UTEP School of Nursing Dean Elias Provencio-Vasquez, Ph.D., said the fellowship not only helped Olvera expand his research focus, but it also led to collaborations between the SON and the University of California, Los Angeles and the University of New Mexico. It also created opportunities for research collaborations between the nursing school and UTEP’s colleges.

“For us this fellowship supported Hector and our School of Nursing in many ways,” Provencio-Vasquez said. “The mentorship Hector received furthered the development of his program of research. It leveraged funds received through the fellowship for the SON to build a new Biobehavioral Research Laboratory, establish a collaboration with Harvard School of Public Health and supported launching two new research programs.”

Olvera started the Biobehavioral Research Laboratory (BbRL) in 2016, which specializes in human subject and population health disparities research focused on the biological, behavioral and environmental pathways that affect health and wellness.

The BbRL’s current research projects include the UTEP Stress Study and the Nursing Engagement and Wellness Study, or NEWS.  

Approximately 1,500 students from across campus participated in the UTEP Stress Study, which looked at the impact of childhood adversity on health. Olvera also recruited 11 high school students from the Alpha Youth Leadership Academy (AYLA) he established to act as the lead investigators in a substudy about overcoming the adverse consequences of growing up in disadvantaged communities.

Olvera plans to follow up the UTEP Stress study with the UTEP Happiness Study in fall 2018, which will examine positive healthy environments, positive social factors and resilience.

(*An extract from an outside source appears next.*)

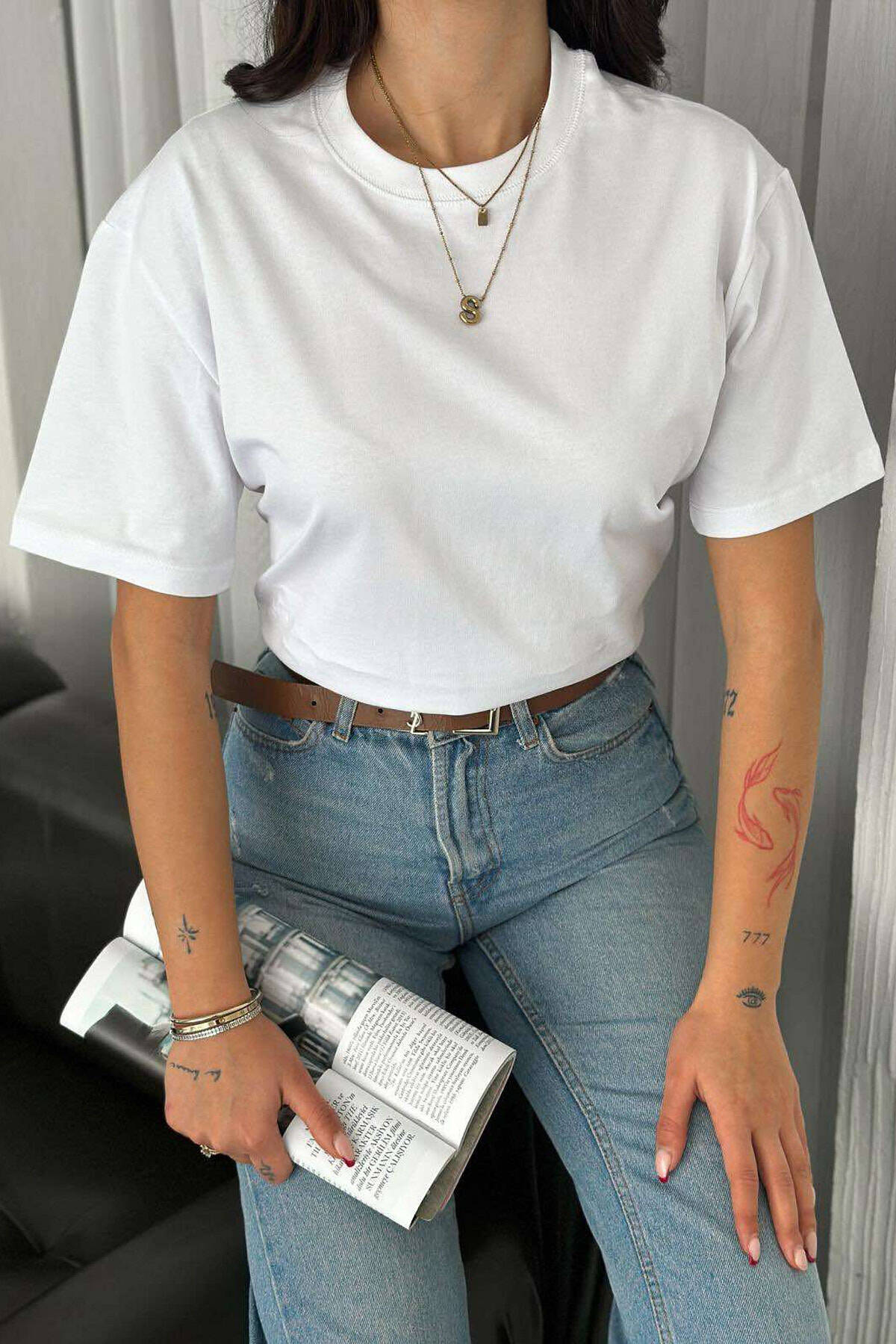 ONE COLOR SIMPLE WOMEN T-SHIRT WHITE-E BARDHE

He also hopes to enlist 1,000 UTEP nursing students to participate in NEWS. Over the past two years, Olvera has recruited 300 incoming UTEP nursing students for the study that looks at how stress, poor diet, exposure to chemicals and air pollution affect the health and well-being of nurses. 

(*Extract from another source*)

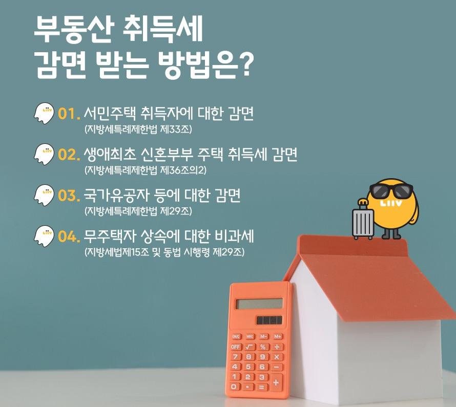 이 외에도 취득세 감면 사유가 더 존재하니 본인이 해당이 되는지 반드시 체크해보시기 바랍니다. 이런 게 바로 절세 비법 아니겠습니까?

“I come from an exposure sciences and environmental engineering background, and I’m interested in the intersection of the environment and social factors,” said Olvera, who holds a Ph.D. in environmental science and engineering from UTEP. “The last four years in the fellowship, I’ve been training and expanding my capacity into the areas of psychology and sociology, to be able to tackle broader and more relevant questions. It has allowed me to make my program far more interdisciplinary and more impactful.”

Olvera also has developed new interdisciplinary collaborations with other JPB fellows, including Allison Appleton, assistant professor of epidemiology at State University of New York at Albany. Olvera, Appleton, Christina H. Fuller, Annie Belcourt and Laura D. Kubzansky recently published a paper about the Integrated Socio-Enviornmental Model (ISEM) of health and well-being in Springer International Publishing's journal "Current Environmental Health Reports."

Appleton joined Olvera and the other scholars on a tour of the UTEP campus, including the Border Biomedical Research Center in the College of Science. They also traveled to the Village of Vinton, where UTEP students conducted a Health Impact Assessment project under the direction of UTEP’s Center for Environmental Resource Management. The JPB fellows also met with Alpha Youth Leadership Academy graduates who talked about their experience in the academy.

“I really enjoyed my visit to El Paso and UTEP – the research infrastructure and commitment to student success was very evident and impressive,” said Appleton, who has credited the JPB Fellowship with allowing her to better engage with her community and enhancing the breadth and depth of her research.

College of Health Sciences Dean Shafik Dharamsi, Ph.D., encouraged the scholars to immerse themselves in the communities in which they work in order to truly effect change.

“When I talk to students, I talk about the power of education and how it is not just about being able to see the world differently but to be in the world differently,” Dharamsi said. “Try to be explorers; don’t just focus on how (you) can see the world differently but be in the world.”